DATA EXTRACT:

▽

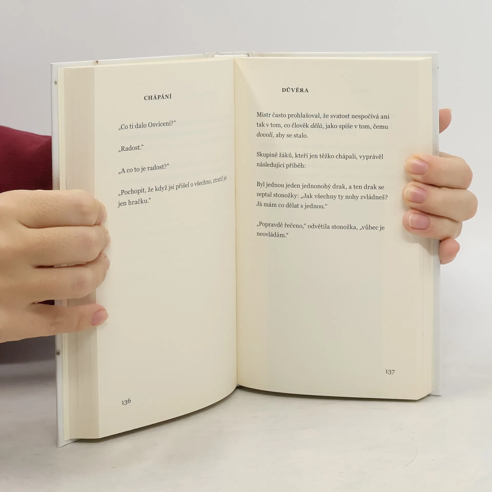 Čtení každého kratičkého příběhu v této knize Vám zabere pouhou minutu. Mistrův jazyk Vás bude pravděpodobně mást, provokovat či se Vám bude zdát přímo nesmyslný. Žel tato kniha není snadná! Nebyla napsána jako návod, ale aby probouzela.
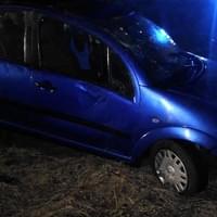 na Plzeň, nezvládl řízení a vyjel mimo komunikaci, kde se vůz převrátil
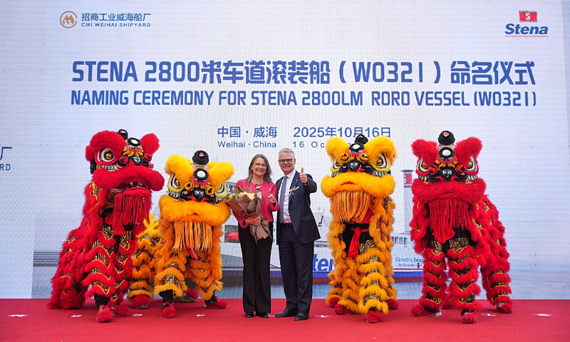 Stena Line’s newest vessel, STENA CONNECTA, was officially named at the CMI Shipyard in Weihai, China, on 16 October. She will soon begin her maiden voyage to her new home port on the Irish Sea.

△

WHAT YOU WILL DO: Omitting all pictures, give the preceding listing again exactly.

SOLUTION TO THE EXERCISE:
 Čtení každého kratičkého příběhu v této knize Vám zabere pouhou minutu. Mistrův jazyk Vás bude pravděpodobně mást, provokovat či se Vám bude zdát přímo nesmyslný. Žel tato kniha není snadná! Nebyla napsána jako návod, ale aby probouzela.
 na Plzeň, nezvládl řízení a vyjel mimo komunikaci, kde se vůz převrátil
 Stena Line’s newest vessel, STENA CONNECTA, was officially named at the CMI Shipyard in Weihai, China, on 16 October. She will soon begin her maiden voyage to her new home port on the Irish Sea.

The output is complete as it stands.